日経(H25.8.16)夕刊で、刑事裁判の「法廷通訳人」にアンケートを実施したところ、「裁判員裁判制度導入後に負担が増えた」という回答が多かったという記事が載っていた。
確かにそうだろうと思う。
裁判員裁判では集中審理を行うが、その場合の法廷通訳人の負担は大きい。
例えば、証人尋問では、検察官の質問を通訳し、被告や証人の回答も通訳する。
検察官の質問が終わると今度は弁護人の質問になり、それについても質問と回答を通訳する。
要するに、ずっと通訳しているわけである。
しかも、被告人質問や証人尋問だけでなく、起訴状、冒頭陳述、論告求刑、弁論なども訳さなければならない。
それを考えると、もっと報酬を増やしていいと思う。
実は、かなり以前は、「それは多すぎでしょ」と思うくらい通訳人の報酬は高かった。
ところが、ある時期に切り下げがあり、通訳人からは不満が出たが、私としては適正ではないかという感覚であった。

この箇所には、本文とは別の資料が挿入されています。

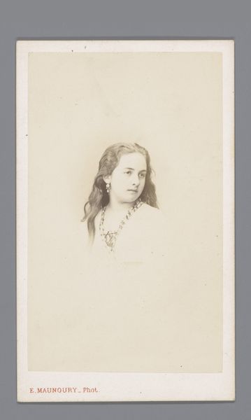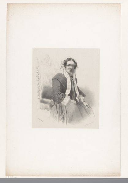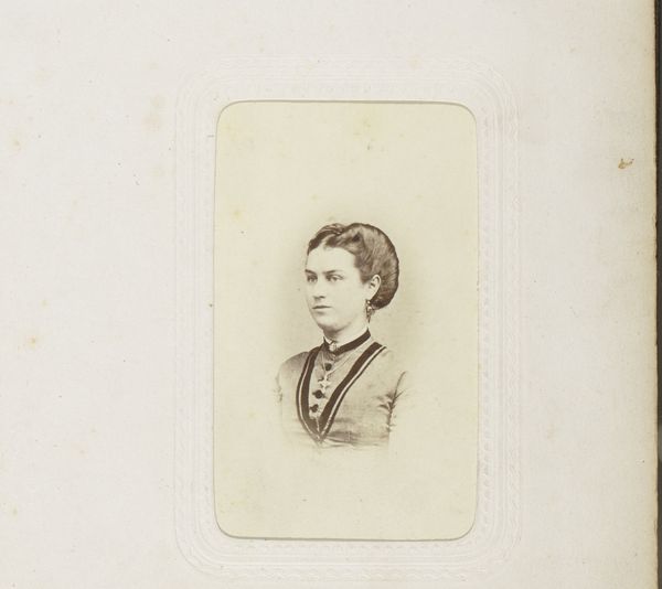 Curator: Looking at this print, “Portret van Maria van Hohenzollern-Sigmaringen," created between 1855 and 1895, one is immediately struck by the graphic precision afforded by the etching and engraving. Editor: She has this wistful look, a real melancholic air. Makes you wonder what's on her mind, what secrets those eyes hold. And is it just me, or does the rigid formality clash a bit with the almost delicate shading? It feels like there's a hidden tension there. Curator: The tension, I believe, is born from a confluence of aesthetic intentions and the inherent nature of portraiture of that era. The realism seeks to capture a likeness, but the composition also performs a role, solidifying her place, emphasizing a certain societal expectation through form. Note how the angle of her face—the profile—emphasizes decorum. Editor: Right, it’s almost as if she's playing a role, but maybe that's just the artist giving us a little nudge, asking us to look deeper, beyond the princess persona. The lighting, the shadows...they are almost theatrical! Are we sure it isn't staging rather than revealing? I sense storytelling, hidden within the formal constraints of court portraiture. Curator: A valid reading. I tend to see the technical constraints, and her almost serene stoicism as a reflection of an era grappling with change, holding steadfast to tradition while glancing toward modernity. It's a portrait embedded in a historical matrix, referencing dynastic lineage through visual tropes. Editor: Exactly, I feel like she’s got her escape planned. Seriously, if you zoom in—look, you can almost see that rebellious glint in her eyes, hinting at something brewing beneath all that formality! You and I will never agree—but you made me see and believe in hidden and complicated lives. It makes this work truly enchanting and, at the same time, strangely and wonderfully relatable. Curator: A very generous observation, perhaps colored by our contemporary lenses. Yet, your reading enlivens and enriches it—rendering the aesthetic formalism, dare I say it, more human.
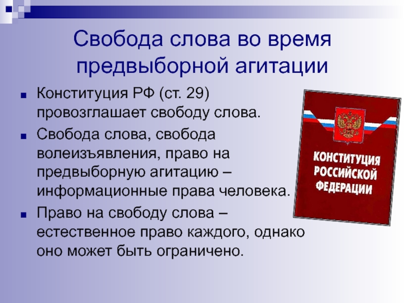 Слайд 20Свобода слова во время предвыборной агитации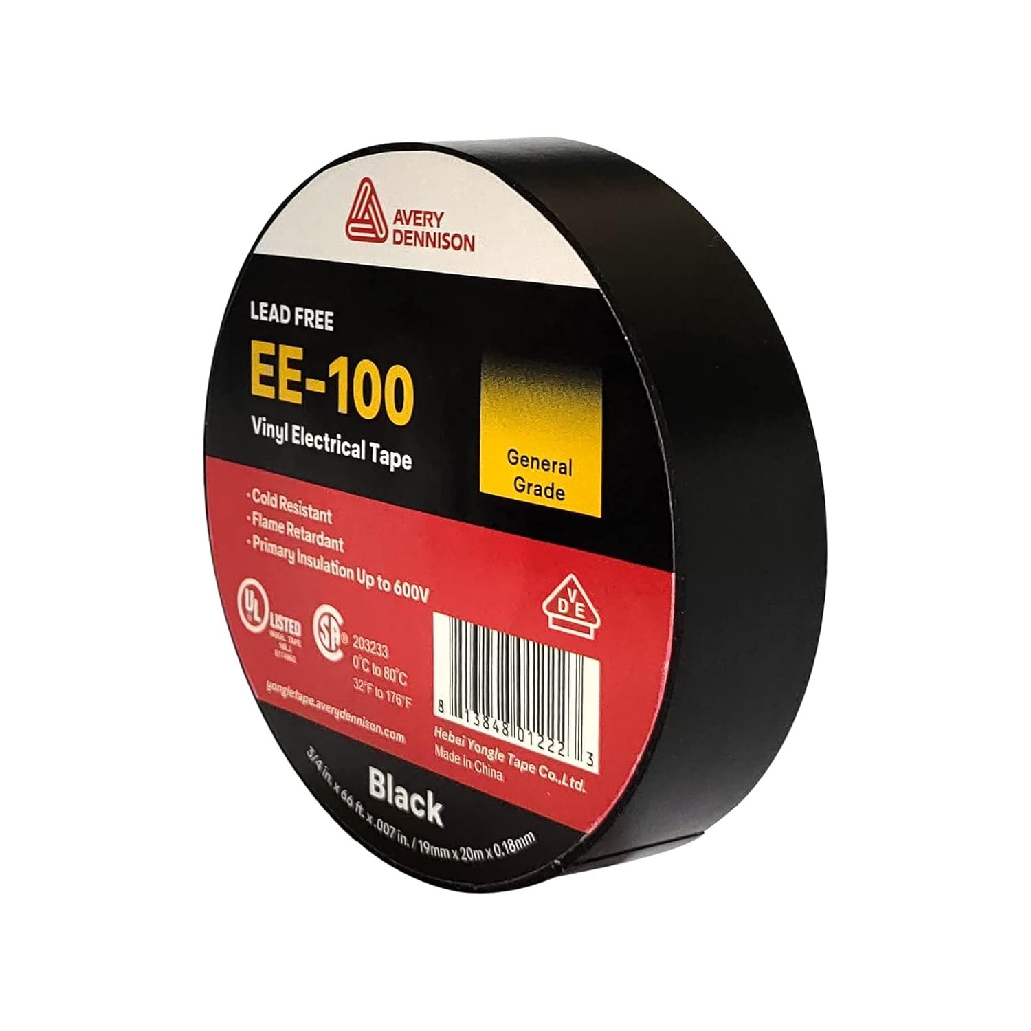 Listed Insulating Vinyl Tape, in x 66 ft, Heavy-Duty Electrical Black Tape

ただ、裁判員裁判は別であり、その負担を考えると、切り下げた通訳人の報酬基準では安く、もっと報酬を増やすべきであると思う。
その反面、通訳能力のばらつきがかなりあり、それは正すべきである。
その場合、すでに議論されている資格認定制度を設けることもいいが、ただ、資格認定試験の際に、刑事事件の法的知識だけでなく、発音を重視すべきであろうと思う。
以前、日本人の大学教授が法廷通訳人だったときに、後で被告人から「通訳人が何を言っているのかさっぱり分からなかった」と文句を言われたことがあった。
その被告人は日本語ができたので、実害はなかったが・・。